Nearly everyone has experienced the prototypical fear response: Imagine reading a book when you see a spider skittering along the wall. Suddenly, you’ll feel your heart racing, your breathing increase, dryness of your mouth, and your palms sweating. You probably won’t notice the dilation of your pupils or the change in liver activity and digestion. This sympathetic nervous system activity is downstream of being presented with a fearful stimulus. But upon closer inspection, it was no spider at all—just an errant piece of brown fuzz picked up by a draft. Within minutes, your body’s physiology returns back to normal.

This anecdote points out a few important features about the fear response. First, the onset of the fear response is quick, and so is the dissipation of the fear. Second, it is triggered by exposure to a perceived threat, regardless of whether the stimulus is a genuine threat or not (the overwhelming majority of spiders are clinically harmless to humans!). Third, the fear response is greatly modified by knowledge and experience—an entomologist would recognize that the spider is a harmless house spider and would, instead of fear, display curiosity, interest, boredom, or other emotions. On the other hand, someone who has been bitten by a dangerous spider and sent to the hospital when younger would have a much stronger physiological response.

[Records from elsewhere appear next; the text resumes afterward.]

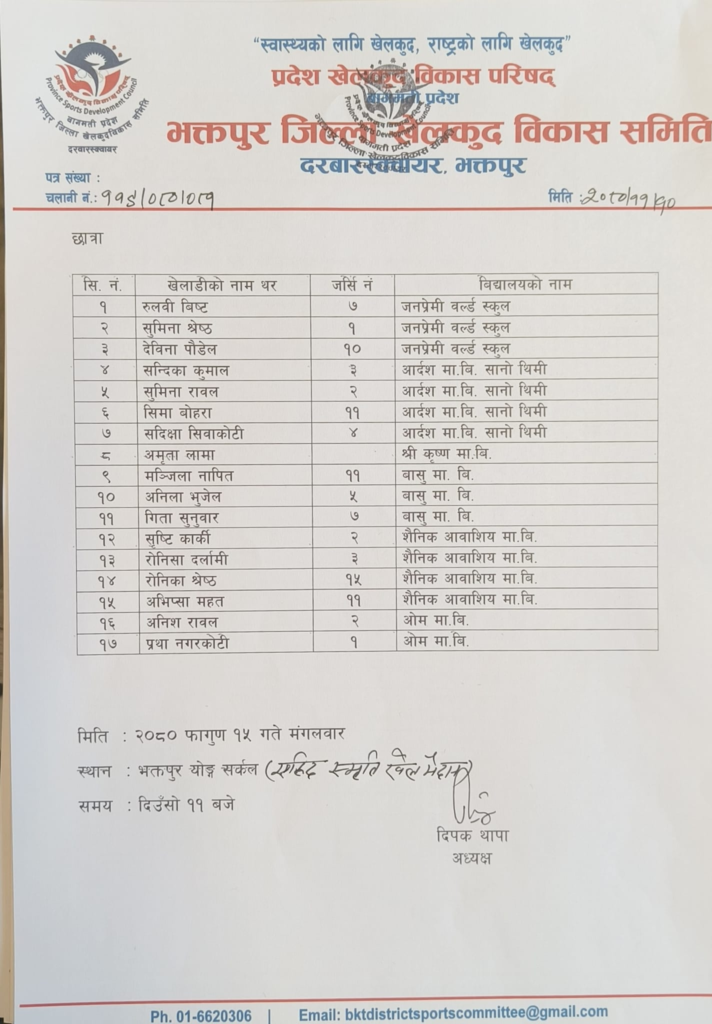 फागुन १५ गते शहिद स्मृति खेल मैदानमा दिउँसो ११ बजे खेलाडी छनौट हुने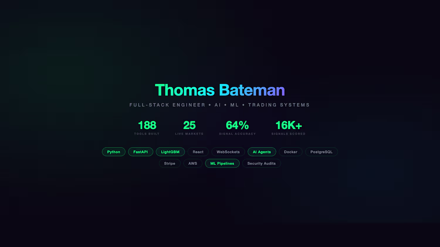 Full-stack engineer|AI agents, ML pipelines, trading systems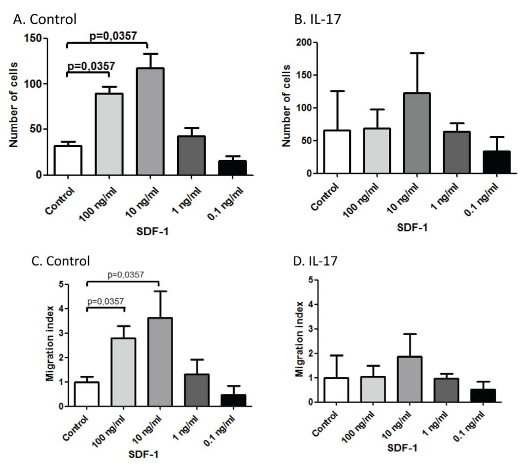 Figure 5. IL-17 inhibits the chemotaxis of monocytes towards SDF-1α/CXCL12. (A) and (B) Monocytes were either untreated (control cells) or pretreated with 250 ng/mL IL-17 overnight. The cells were washed, labeled with calcein-AM and then examined for migration towards various concentrations of SDF-1α/CXCL12; (C) and (D) Migration index was calculated by measuring the numbers of migrating cells into the lower filters of the chemotaxis chambers. Mean ± SEM of two experiments are shown.

Fear is likely the most evolutionarily ancient emotion, and is highly protective. When encountering a hungry mountain lion, faces displaying the traits of fear (enlarged eyes, flared nostrils, and a slightly open mouth accompanying a gasp) would signal to others nearby that a threat is nearby, which helps initiate heightened alertness and the appropriate fight-or-flight response.

Amygdala and Fear

Klüver-Bucy Syndrome

In 1939, two researchers named Heinrich Klüver and Paul Bucy described a unique set of emotional deficits in monkeys with bilateral temporal lobe removal, including removal of the, further providing evidence of the neuroanatomy of emotion. Most notably, the monkeys failed to display fear, including their facial expressions and vocalizations even in the face of life-threatening stimuli such as a large snake. Further, they also had decreased anger or aggression. They also display visual agnosia (the inability to recognize faces or objects visually), psychic blindness, hypersexuality, and hyperorality (an inappropriate fixation with using the mouth to interact with surroundings, such as licking or eating nonfoods). Collectively, these sets of symptoms are called Klüver-Bucy syndrome.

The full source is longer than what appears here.